PIAC calls for national dialogue

The Public Interest and Accountability Committee (PIAC) has called for a national dialogue on how best allocations to the Annual Budget Funding Amount (ABFA) could be used on targeted areas to ensure proper socio- economic development.

The dialogue, according to PIAC, had become necessary to enable them chart a path for the effective utilisation of the oil resources.

The call was contained in the PIAC’s 2014 annual report released last week.

It argued that despite the clearly outlined allocations, funds that are sometimes earmarked for some of the priority areas are diverted.

Under the Petroleum Revenue Management Act, 2011 (Act 815), the ABFA, which is allocated from the country’s petroleum revenues, is expected to focus on four priority areas; expenditure and amortisation of loans, roads and other infrastructure, agriculture modernisation and capacity building.

In its 2014 annual report, PIAC was of the view that the proposed dialogue should preferably take place before the next budget and its outcomes used to inform the ABFA allocation in the 2016 Budget.

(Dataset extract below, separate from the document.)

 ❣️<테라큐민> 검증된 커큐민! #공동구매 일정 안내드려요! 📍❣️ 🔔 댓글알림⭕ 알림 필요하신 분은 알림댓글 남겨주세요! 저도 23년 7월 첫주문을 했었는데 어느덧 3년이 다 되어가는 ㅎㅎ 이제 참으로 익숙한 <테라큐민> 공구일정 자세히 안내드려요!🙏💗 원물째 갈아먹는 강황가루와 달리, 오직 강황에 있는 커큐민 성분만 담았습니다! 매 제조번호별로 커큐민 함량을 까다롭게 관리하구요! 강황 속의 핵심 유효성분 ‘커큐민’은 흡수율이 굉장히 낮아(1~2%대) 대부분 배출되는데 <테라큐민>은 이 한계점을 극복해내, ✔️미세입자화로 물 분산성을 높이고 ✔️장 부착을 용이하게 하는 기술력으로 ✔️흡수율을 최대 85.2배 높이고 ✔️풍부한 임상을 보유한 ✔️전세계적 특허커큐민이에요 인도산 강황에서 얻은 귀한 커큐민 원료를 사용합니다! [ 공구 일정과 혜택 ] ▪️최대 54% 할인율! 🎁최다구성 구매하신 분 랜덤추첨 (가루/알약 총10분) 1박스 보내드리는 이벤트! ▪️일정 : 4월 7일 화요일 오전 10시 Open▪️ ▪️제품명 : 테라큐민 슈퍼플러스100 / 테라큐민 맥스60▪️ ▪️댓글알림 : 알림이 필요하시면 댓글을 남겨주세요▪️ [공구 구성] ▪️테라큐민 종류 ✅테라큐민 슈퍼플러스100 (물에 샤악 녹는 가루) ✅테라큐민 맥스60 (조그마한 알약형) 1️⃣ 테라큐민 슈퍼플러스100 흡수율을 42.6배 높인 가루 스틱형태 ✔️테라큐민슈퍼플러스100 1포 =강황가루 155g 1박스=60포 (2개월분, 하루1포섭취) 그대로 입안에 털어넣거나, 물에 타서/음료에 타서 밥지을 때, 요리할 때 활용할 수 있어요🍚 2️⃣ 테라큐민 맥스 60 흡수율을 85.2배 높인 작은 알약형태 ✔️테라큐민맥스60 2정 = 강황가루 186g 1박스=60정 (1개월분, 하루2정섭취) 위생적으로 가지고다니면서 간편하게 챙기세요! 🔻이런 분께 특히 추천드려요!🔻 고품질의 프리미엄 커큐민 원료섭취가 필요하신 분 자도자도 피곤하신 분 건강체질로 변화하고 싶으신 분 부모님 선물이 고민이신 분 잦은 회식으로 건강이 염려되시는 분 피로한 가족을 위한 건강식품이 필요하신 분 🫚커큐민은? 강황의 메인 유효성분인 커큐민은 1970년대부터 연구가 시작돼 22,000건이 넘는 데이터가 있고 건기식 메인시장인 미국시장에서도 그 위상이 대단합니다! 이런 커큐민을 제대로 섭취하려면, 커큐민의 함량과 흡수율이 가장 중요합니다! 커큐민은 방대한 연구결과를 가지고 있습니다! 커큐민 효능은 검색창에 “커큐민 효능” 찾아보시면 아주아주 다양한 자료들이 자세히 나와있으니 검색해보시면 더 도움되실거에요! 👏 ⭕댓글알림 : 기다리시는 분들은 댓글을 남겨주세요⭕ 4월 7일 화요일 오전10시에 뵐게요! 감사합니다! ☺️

“There is an urgent need for the ABFA to be better-targeted and well-focused so as to help maximise its effectiveness and impact on the socio-economic development of Ghana,” it said.

For instance, between 2011 and 2013, about GH¢23 million (17 per cent) of ABFA earmarked for capacity building went into consumables such as goods and services for the Ministries of Food and Agriculture, Lands and Natural Resources and the purchase of relief items for the National Disaster Management Organisation (NADMO).

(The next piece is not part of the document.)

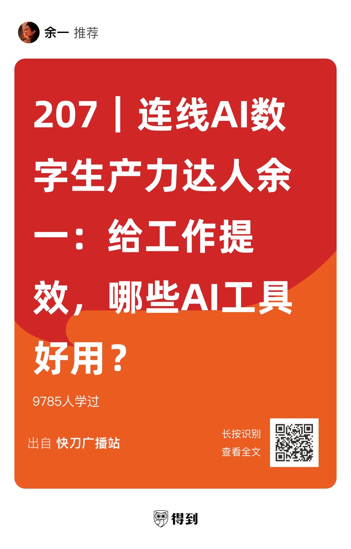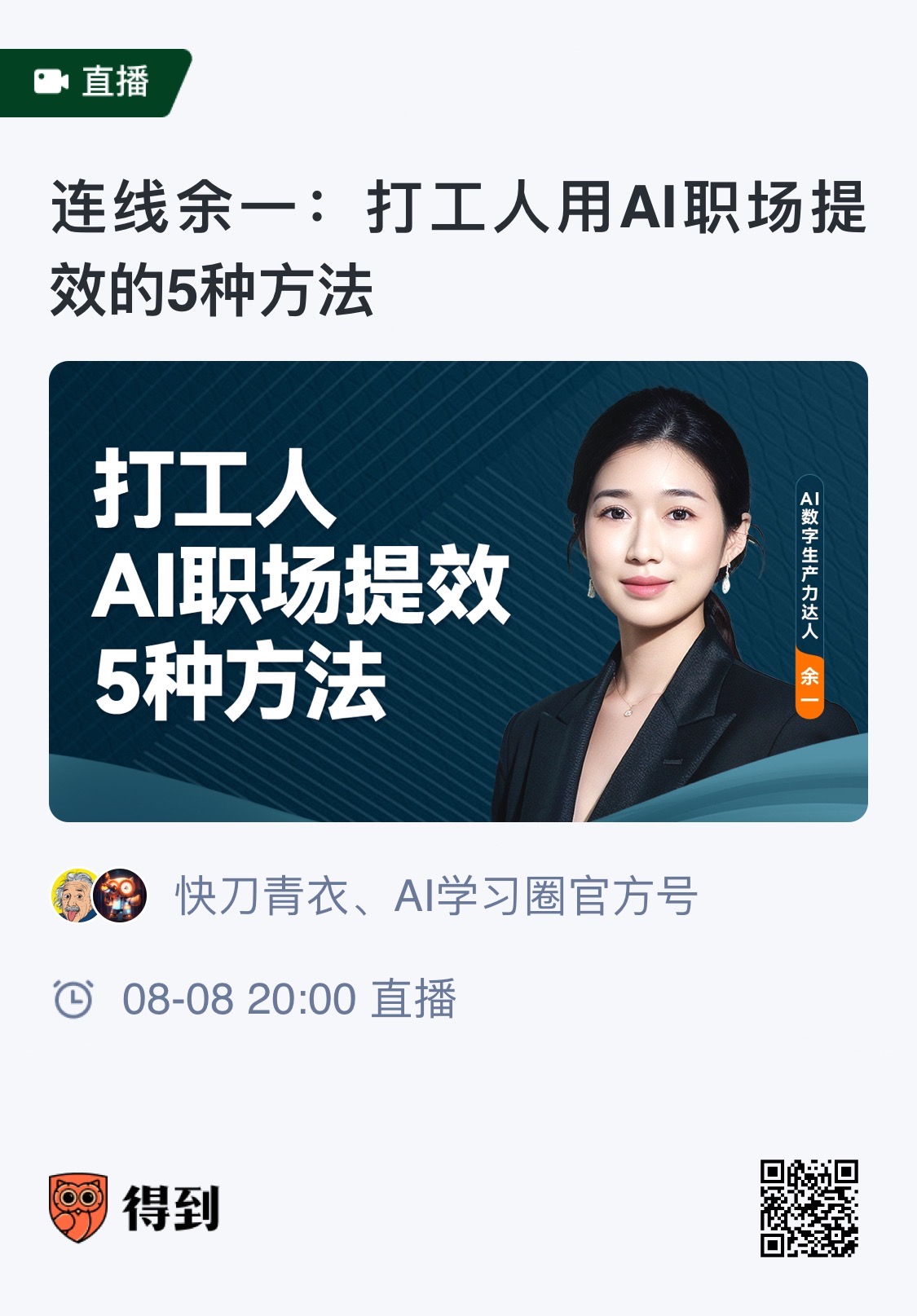 好几个人问我直播回放在哪里:AI 学习圈的直播回放,还有快刀广播站的精华版,刀哥的视频号都可以。

The report further revealed that an expenditure of GH¢3.87 million related to the Western Corridor Gas Infrastructure Development Project (WCGIDP) was charged to the ‘road and other Infrastructure’ priority areas rather than the ‘expenditure and amortisation of loans’ category even though a significant proportion of the allocations to the latter was unutilised during the period under review.

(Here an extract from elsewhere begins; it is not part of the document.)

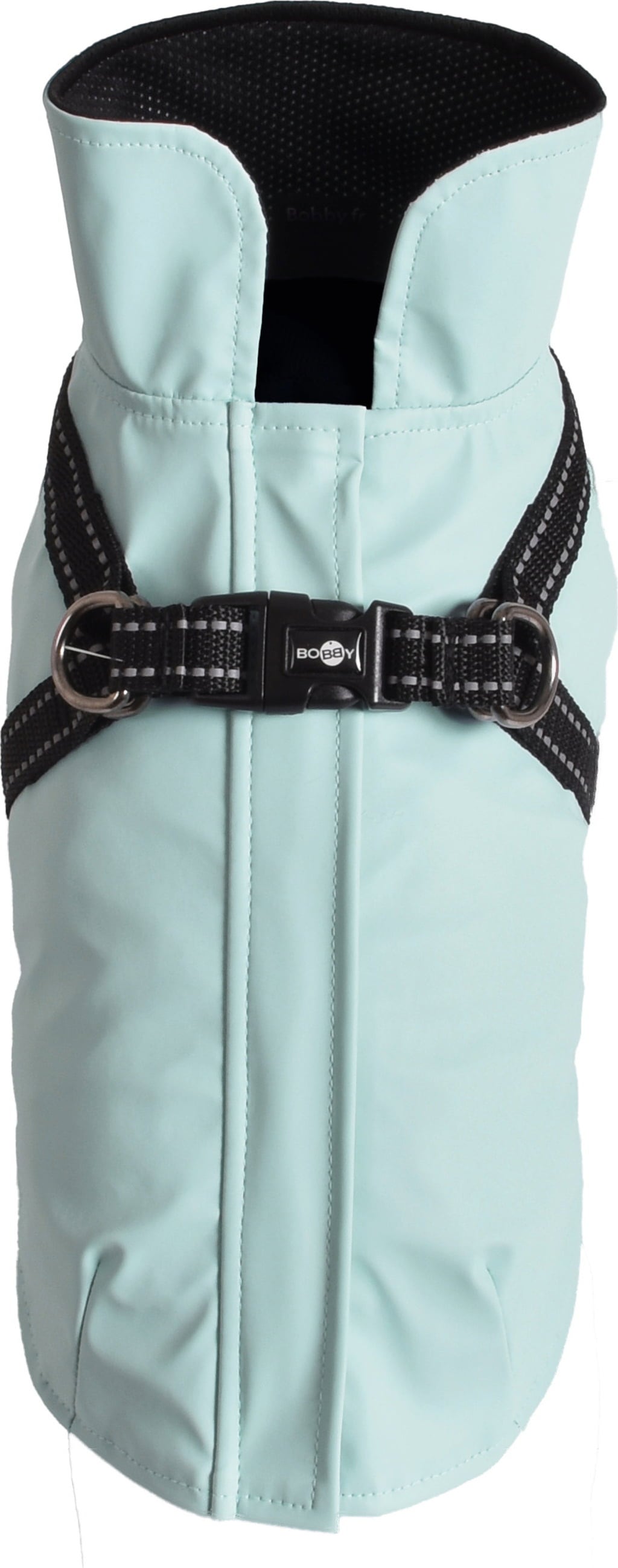 There's no such thing as bad weather, only unsuitable clothing - and this stylish raincoat in cool ice blue is the perfect proof. With an outer layer of water-repellent neoprene and a soft micro-mesh lining inside, it's the perfect companion for rainy days. A foldable stand-up collar offers additional wind protection, and reflective details ensure your pet remains easily visible even in poor lighting conditions. Equipped like this, there's nothing to stop an extended walk in the rain.

This has, therefore, prompted PIAC, which is the body mandated under Section 51 of the PRMA to supervise the management of the country’s petroleum revenues, to call for the dialogue aimed at charting a path for the effective utilisation of the revenues.

ABFA allocations  in 2014
Unlike previous years when the allocation to the ABFA was distributed to all the four priority areas, in 2014, only three areas benefited from the fund.

A total of US$409.07 million (51.31 per cent) of the net revenue to the government went to the Annual Budget Funding Amount (ABFA) while GH¢163.08 million, representing 29.68 per cent, went into expenditure and amortisation of loans, with roads and other infrastructure getting GH¢215.69 million (39.26 per cent).

Agriculture modernisation projects received GH¢170.62 million; representing 31.06 per cent.

According to the report, “no allocation was made to the ‘capacity building’ priority area in 2014 because planned expenditure was contingent upon the China Development Bank (CDB) -related Small and Medium Enterprise (SME) Projects Incubation Facility which did not take off.”

Oil production in 2014
The Ghana Group lifted 7.6million barrels of oil representing 20.77 per cent of total production in 2014.

Actual petroleum receipts for 2014 totalled US$978 million, exceeding projected revenues of US$777 million by 27 per cent which is equivalent to an increase of US$200 million. This was the result of slightly higher actual volumes and average prices of oil from the Jubilee field.